Но она опасалась, что Конрад немедленно отправит ее к Маркусу Плейтону, узнав, что в Гавре ее никто не ждет, ведь он очень сильно удивился, когда она сказала, что путешествует в одиночку. Камала была уверена, что он именно так и поступит, и решила ни в коем случае не говорить ему правду. Она попрощается с ним в Саутгемптоне, и пусть он думает, что, переправившись через Ла-Манш, она окажется в надежных руках.
И в то же время обман ей претил, ведь Конрад был так добр к ней, проявил такое понимание и вообще показал себя человеком, которому можно доверять.
Однажды он польстил ей, назвав ее красивой, но сделал это очень деликатно, не задев ее. Сказать по правде, ей было даже приятно слышать подобное признание из его уст.
— Я счастлива! Боже, как я счастлива! — говорила себе Камала каждую ночь, ложась в постель.

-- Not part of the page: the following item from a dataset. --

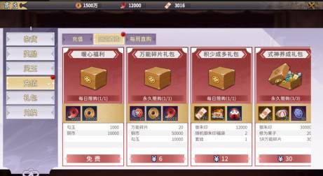 累充100元礼包:勾玉*5000,修为丸子*30,SR万能碎片*10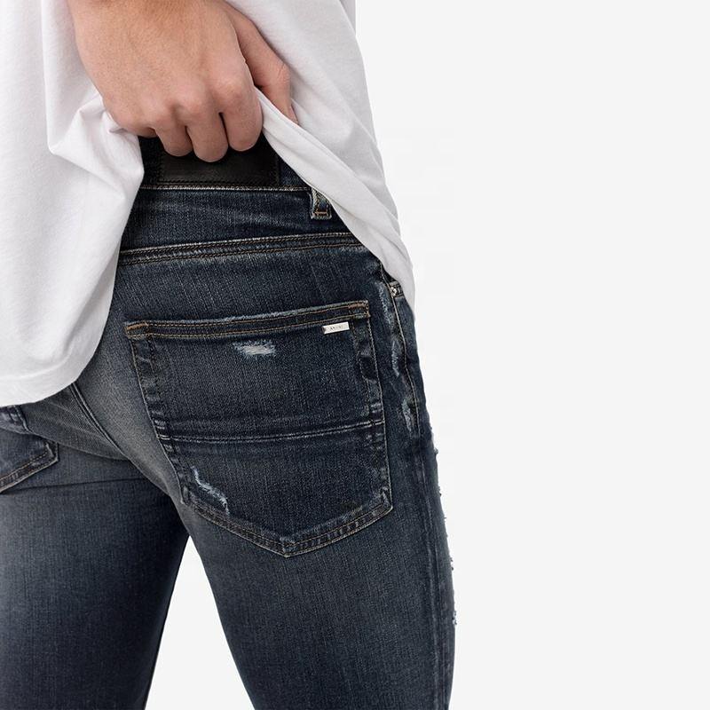 Pantalones vaqueros de hombre personalizados de alta calidad únicos, pantalones vaqueros ajustados con agujeros rasgados a la moda desgastados, pantalones de nuevo diseño

Она была не настолько наивна и невинна, чтобы не понимать, что, общаясь с незнакомым мужчиной, рискует поставить себя в неловкое, а то и откровенно щекотливое положение.
Впрочем, следовало признать, что еще никто из мужчин не вел себя с ней так галантно и сдержанно, как Конрад Вериан.
С другой стороны, что ей было известно о мужчинах? Если она с кем и общалась, то только с гостями Плейтонов. Причем, как правило, это были или стеснительные тихони, или развязные ловеласы.
Ей снова вспомнился генерал Уоррингтон. Она прекрасно представляла, как он повел бы себя в таких обстоятельствах, как теперешние.
Да, пусть она знает о мужчинах крайне мало, но и этого достаточно, чтобы понять: для многих из них женщина — лишь игрушка, слабое создание, за которым можно охотиться, как за убегающей лисой.
Конрад Вериан же был настоящим мужчиной, сильным и смелым. А также нежным и понимающим, тактичным и добрым…
— Он замечательный… — прошептала Камала.
Когда Конрад наконец заявил, что больше не может ждать и готов немедленно отправиться в Саутгемптон, стоял холодный и ветреный день. Небо затянуло тяжелыми серыми тучами, готовыми вот-вот разразиться дождем. Выйдя во двор, Камала увидела, что ее спутник седлает коней.
Он оглядел ее одежду: голубая амазонка поверх легкой муслиновой блузки. В руках она держала узелок с вещами, который соорудила из шали.
— Разве у вас нет плаща? — спросил он.
Девушка отрицательно покачала головой:
— У меня не было возможности взять его с собой.
— Тогда нужно будет остановиться в ближайшем городе, который нам встретится, и купить его, — решительно заявил Конрад.
— Не беспокойтесь, со мной все будет в порядке.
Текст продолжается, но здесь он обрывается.